Elizabeth granted Truro a charter in the 16th century that brought self government. A Mayor could be elected. Truro at this time also controlled the port of Falmouth and was a thriving place.
The Truro mint was set up by the Royalists during the civil war in the 17th century but they eventually surrendered at Tresillian, just outside Truro, in 1642 and Prince Charles fled via Falmouth.
In both the 17th and 18th centuries Truro was quite industrialised with tin smelting, an iron foundry, pottery, a tannery and carpet and wool making. The rivers were essential to all this industry, and it would have been a busy place.

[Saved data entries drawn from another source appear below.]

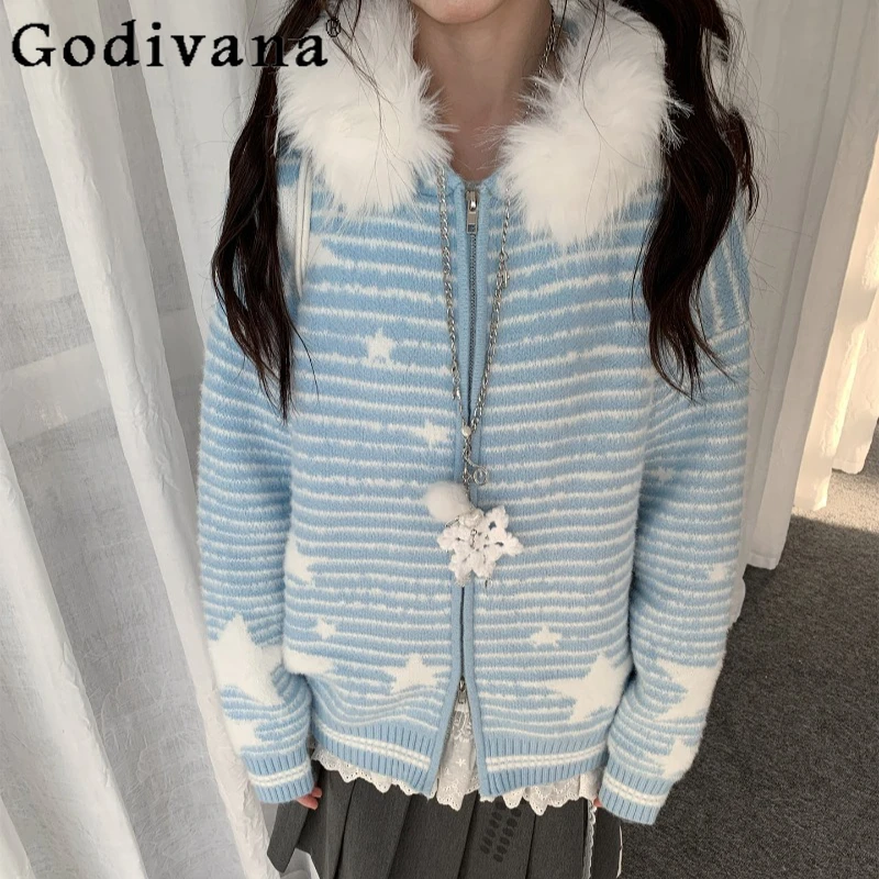 Herbst Winter Gestreifte Strickjacke für Frauen Große Pelz Kragen Mit Kapuze Pullover Mantel Weiblichen Japanischen Stil Süße Gestrickte Mantel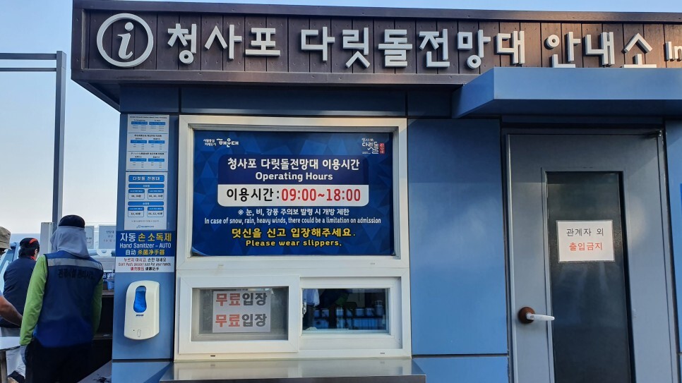 대신 들어갈때 이런 덫신을 신고들어가야한다. 왜냐면 다리에 유리구간이 있는데 여기 흠집내지 않기 위함인 것 같다.
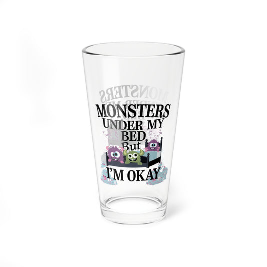Monsters Under My Bed But I'm Okay Halloween Pint Glass 16oz - Spooky Fun & Humor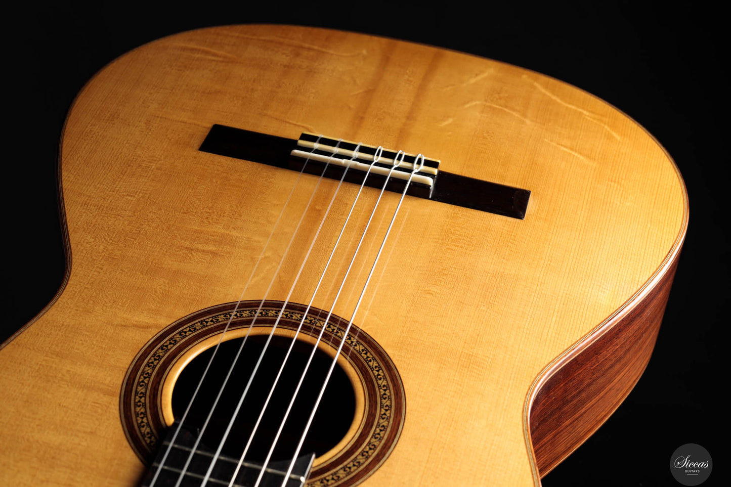 This classical guitar was built in 1999 and features a two-piece spruce top framed by elegant dark and light purflings. The back and sides are made of beautiful Indian rosewood, lending the instrument a warm and rich tonal palette. The guitar is in excellent condition, with only minor traces of nail wear. It has recently been fitted with new high-quality Alessi machine heads. The sound is typical of Panhuyzen’s work—well-balanced, with exceptional sustain and deep, resonant basses. A true concert-quality instrument from one of the great German-Canadian luthiers of our time.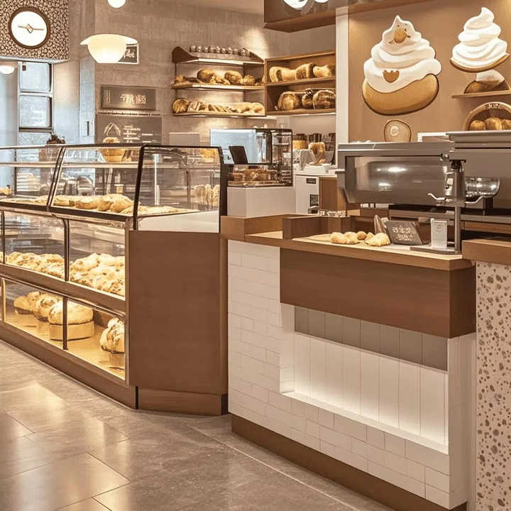 Retail Wooden Bakery Bread Display Cabinet Hot Cake Store Fixtures Custom Bakery Shop Interior Design Bakery Display
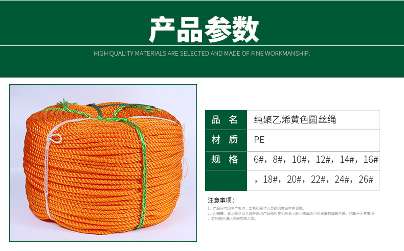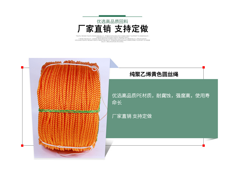 黃色圓絲塑料繩 戶(hù)外作業(yè)PE尼龍繩 黃繩 剎車(chē)繩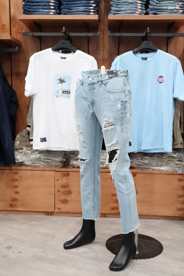 겟유즈드 라이트 톤의 여름구제 아이템입니다. 시원하게 탈색한 데님 컬러와 과감한 오픈구제들로 한여름에 시원하게 입을수 있는 스타일리시한 아이템입니다.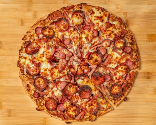 homemade pizza sauce, ham, cabanossi, mushroom, onion, capsicum, cheese, olives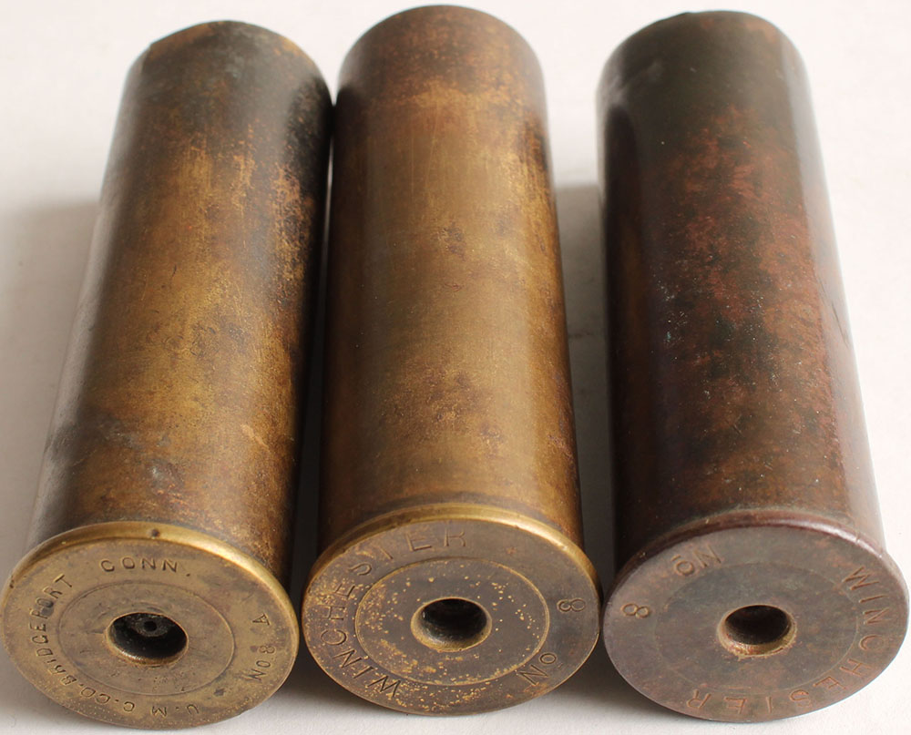 Lot of 3 mixed H/S, 8 gauges, empty brass shotshells. Grade: Very Good - Value: 10 to 80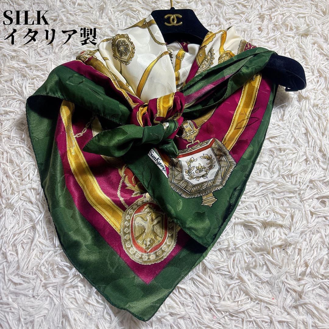 > シルク100%ジャガード織スカーフ イタリア製バンダナ ショール 大判 上品 高級感 総柄 マルチカラー ヴィンテージ 美品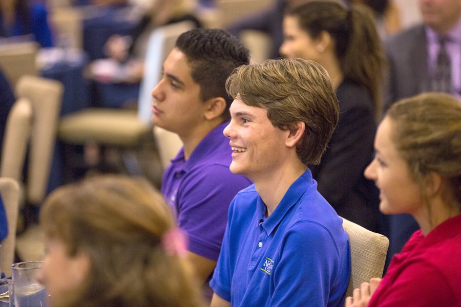 Photos by Wyatt Kostygan. Above: Newgate School's Ben Bogard attends SB2. Top: Mireya Eavey, Jennifer Vigne, SRQ's Wes Roberts, Larry Thompson and Mary Chance.

However, it was in the 18th and 19th centuries that Truro flourished. Tin prices increased and wealthy mine owners built elegant town houses. Truro was called the London of Cornwall and the Assembly Rooms on High Cross, with a theatre as well, were the centre of this high society. The Bishopric of Truro Bill, passed in 1876, brought the first Bishop, Edward White Benson, to Truro in 1877. It was he who decided that the people of Cornwall deserved their own cathedral. Queen Victoria also granted Truro city status in 1877, three years before the laying of the cathedral's foundation stones. The cathedral was built on the site of the 16th century parish church of St Mary the Virgin and uniquely retains its parish church status with the Dean of the Cathedral also Rector of the Parish.
The are many people that have been important in the history of Truro. Sir William Lemon, mining magnate and MP for the county who gave land for the building of Lemon Street, the finest example of Georgian architecture west of the city of Bath; Silvanus Trevail, the Cornish architect with a distinctive style, who designed many of the buildings that remain today; Richard Lander, who with his brother John, went on a government expedition to discover the source of the River Niger in Africa and was awarded the first gold medal of the Royal Geographical Society in 1832, and whose statue stands at the top of Lemon Street; Humphrey Davy, born in Penzance but educated at the Old Truro Grammar School in St Mary's Street and inventor of the miners' safety lamp; Samuel Foote, actor and playwright, also a pupil in the 18th century and whose family lived in Boscawen Street.